As of December 26, 2020, and the date these financial statements were issued, the Company was in compliance with all covenants related to the 2018 Credit Facility as amended by the Second Amendment.
As of December 26, 2020 the Company had no borrowings outstanding under the 2018 Revolving Credit Facility as a result of paying off the remaining borrowings during the period and $681 million as of March 28, 2020, which were recorded within long-term debt in its consolidated balance sheets. In addition, stand-by letters of credit of $22 million were outstanding as of December 26, 2020. At December 26, 2020, the amount available for future borrowings under the 2018 Revolving Credit Facility and the 364 Day Facility were $978 million and $230 million, respectively.
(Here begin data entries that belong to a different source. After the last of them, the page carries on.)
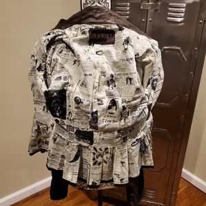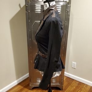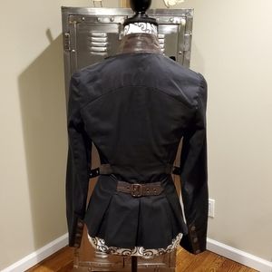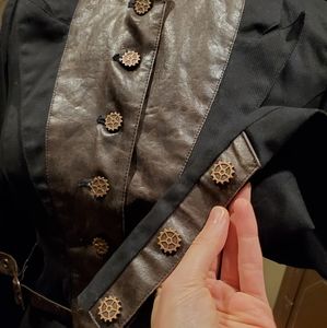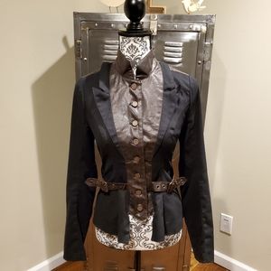 This piece screams steampunk. Black fitted jacket with veggie leather and brass metal hardware. Features custom gear shaped buttons Adjustable buckle straps on sides and rear. Pleating Details Gully Lined with Printed Voile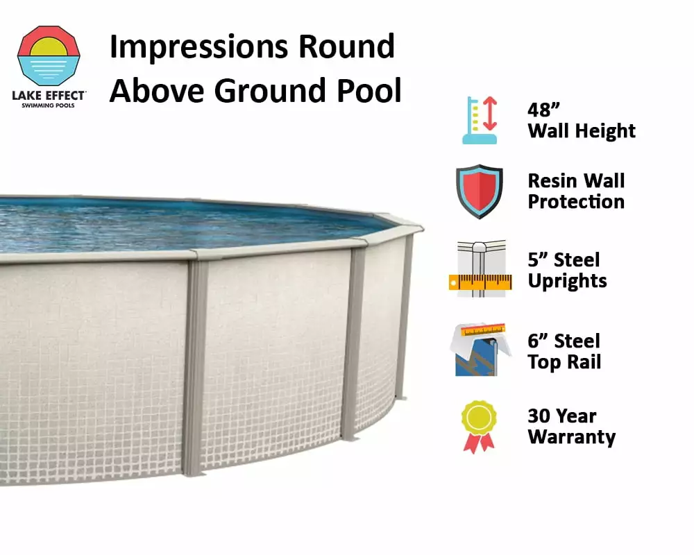 This Lake Effect Impressions Aboveground Steel Walled Swimming Pool is completed with a simple. warm-toned pattern perfect for admiring on sun-filled afternoons. Impressions offers the strength of steel with its 6 top ledges and 5 wide uprights and the protection of a resin coating allowing for you to enjoy your pool for years to come. They also include a skimmer and 20 gauge liner. It’s perfect for families who are looking to replace a pool and need to match the wall height to a deck. All of these Impressions Pools are resin coated with a resin protection and made in the USA.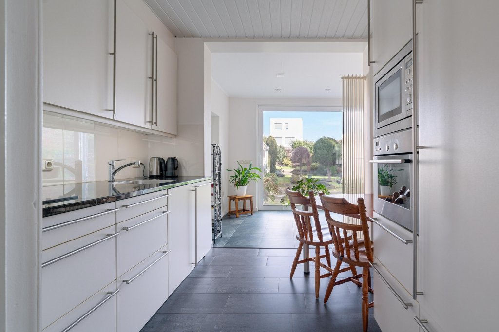 De halfopen, moderne keuken is uitgerust met diverse inbouwapparatuur, waaronder een inductiekookplaat, koelkast, magnetron, oven en vaatwasser. De keuken staat in prettige verbinding met de woon- en eetkamer, waardoor een open en lichte leefruimte ontstaat. Tevens heeft u in de keuken toegang tot een praktische inloopkast.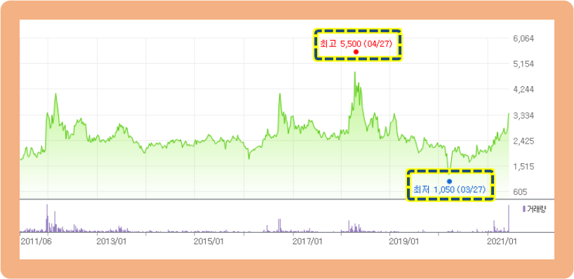 지난 10년 동안 광명전기의 주가 동향을 보시면, 최고점은 2018년 4월에 기록한 5,500원이였고 최저점은 2020년 3월에 기록한 1,050원이였습니다.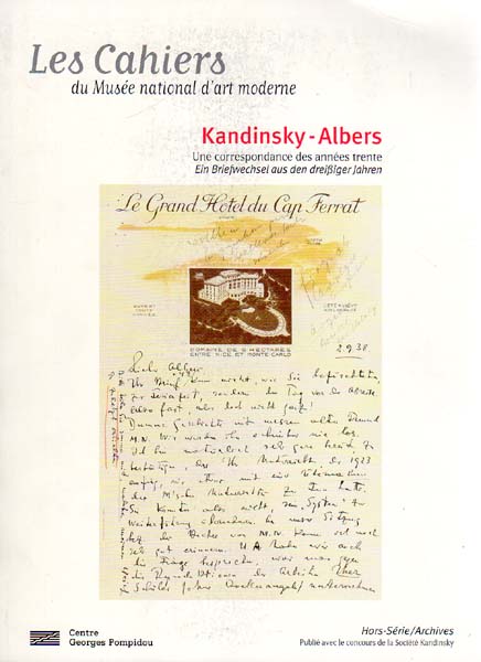 Kandinsky, Wassily: Kandinsky – Albers. Une correspondance des années trente / Ein Briefwechsel aus den dreißiger Jahren. Erste Auflage. Paris. Éditions du Centre Pompidou. 1998. 26 x 19 cm. 159 S. Illustrierter OKarton. Einbandkanten leicht knittrig und berieben, vorderer Deckel fleckspurig. Sonst gutes Exemplar. Spezialausgabe der Reihe Cahiers du Musée National d’Art Moderne. Text verfasst und kommentiert von Jessica Boissel. Übersetzung des deutschen Textes von Jeanne Etoré. Durchgehend mit überwiegend schwarz-weiß Abbildungen versehen.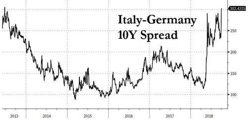 衡量市场避险情绪的10年期意债/德债收益率息差涨17个基点,冲破300个基点,为今年以来第二次突破这一整数位。

As of December 26, 2020 and March 28, 2020, the carrying value of borrowings outstanding under the 2018 Term Loan Facility was $890 million and $1.010 billion, respectively, of which $97 million and $128 million, respectively, was recorded within short-term debt and $793 million and $882 million, respectively, was recorded within long-term debt in its consolidated balance sheets.
During the third quarter of Fiscal 2021, the Company began offering a supplier financing program to certain suppliers as the Company continues to identify opportunities to improve liquidity. This program enables suppliers, at their sole discretion, to sell their receivables (i.e., the Company’s payment obligations to suppliers) to a financial institution on a non-recourse basis in order to be paid earlier than current payment terms provide. The Company’s obligations, including the amount due and scheduled payment dates, are not impacted by a suppliers’ decision to participate in this program. The Company does not reimburse suppliers for any costs they incur to participate in the program and their participation is voluntary. The amount outstanding under this program as of December 26, 2020 is $7 million and is presented as short-term debt in the Company’s consolidated balance sheets.
See Note 12 to the Company’s Fiscal 2020 Annual Report on Form 10-K for additional information regarding the Company’s credit facilities and debt obligations.